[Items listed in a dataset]
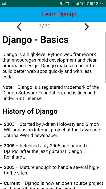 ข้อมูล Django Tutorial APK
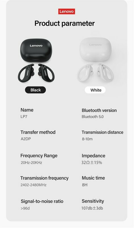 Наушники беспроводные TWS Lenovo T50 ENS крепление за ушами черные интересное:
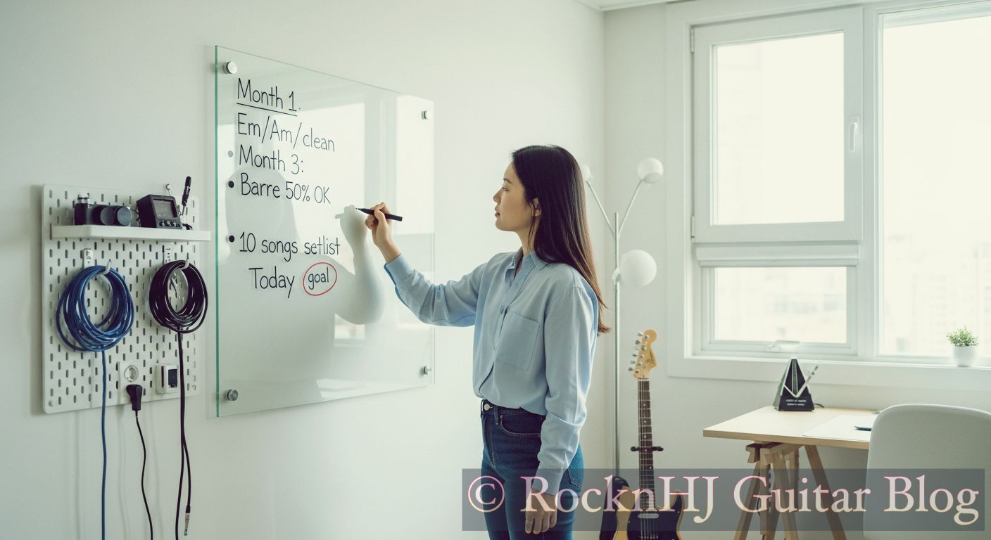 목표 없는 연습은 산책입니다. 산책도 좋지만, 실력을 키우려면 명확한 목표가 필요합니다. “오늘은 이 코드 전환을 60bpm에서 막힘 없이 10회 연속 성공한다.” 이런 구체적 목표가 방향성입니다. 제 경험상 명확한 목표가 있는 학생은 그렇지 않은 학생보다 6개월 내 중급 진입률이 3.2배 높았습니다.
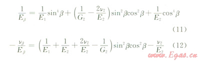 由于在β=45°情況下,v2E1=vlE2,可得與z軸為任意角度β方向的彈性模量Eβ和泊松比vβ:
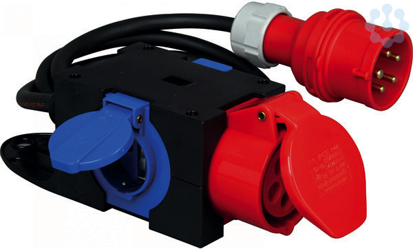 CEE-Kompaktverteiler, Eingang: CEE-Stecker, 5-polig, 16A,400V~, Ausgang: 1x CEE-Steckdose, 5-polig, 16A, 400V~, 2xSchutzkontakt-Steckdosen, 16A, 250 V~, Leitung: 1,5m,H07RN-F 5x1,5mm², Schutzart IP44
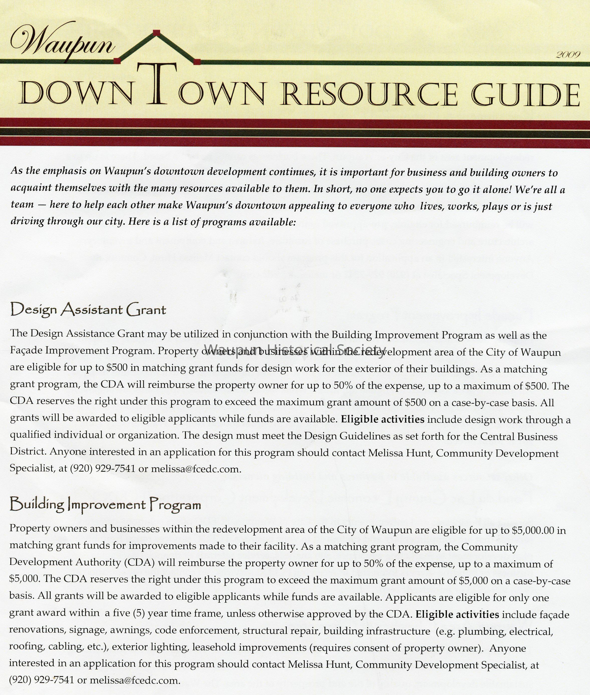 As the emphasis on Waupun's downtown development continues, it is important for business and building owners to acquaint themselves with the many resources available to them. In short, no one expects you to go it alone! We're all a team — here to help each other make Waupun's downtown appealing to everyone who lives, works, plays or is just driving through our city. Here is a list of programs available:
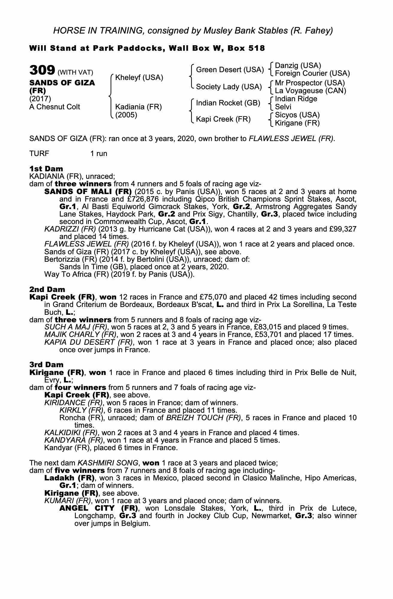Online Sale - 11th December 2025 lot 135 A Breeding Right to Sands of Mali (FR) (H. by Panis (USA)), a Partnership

— Work required —
Take the line containing "목표 없는 연습은 산책입니다." as the first and the last line of the records as the end. Print every line in that span exactly, leaving out pictures.

— Result of this task —
 목표 없는 연습은 산책입니다. 산책도 좋지만, 실력을 키우려면 명확한 목표가 필요합니다. “오늘은 이 코드 전환을 60bpm에서 막힘 없이 10회 연속 성공한다.” 이런 구체적 목표가 방향성입니다. 제 경험상 명확한 목표가 있는 학생은 그렇지 않은 학생보다 6개월 내 중급 진입률이 3.2배 높았습니다.
 由于在β=45°情況下,v2E1=vlE2,可得與z軸為任意角度β方向的彈性模量Eβ和泊松比vβ:
 CEE-Kompaktverteiler, Eingang: CEE-Stecker, 5-polig, 16A,400V~, Ausgang: 1x CEE-Steckdose, 5-polig, 16A, 400V~, 2xSchutzkontakt-Steckdosen, 16A, 250 V~, Leitung: 1,5m,H07RN-F 5x1,5mm², Schutzart IP44
 As the emphasis on Waupun's downtown development continues, it is important for business and building owners to acquaint themselves with the many resources available to them. In short, no one expects you to go it alone! We're all a team — here to help each other make Waupun's downtown appealing to everyone who lives, works, plays or is just driving through our city. Here is a list of programs available:
Online Sale - 11th December 2025 lot 135 A Breeding Right to Sands of Mali (FR) (H. by Panis (USA)), a Partnership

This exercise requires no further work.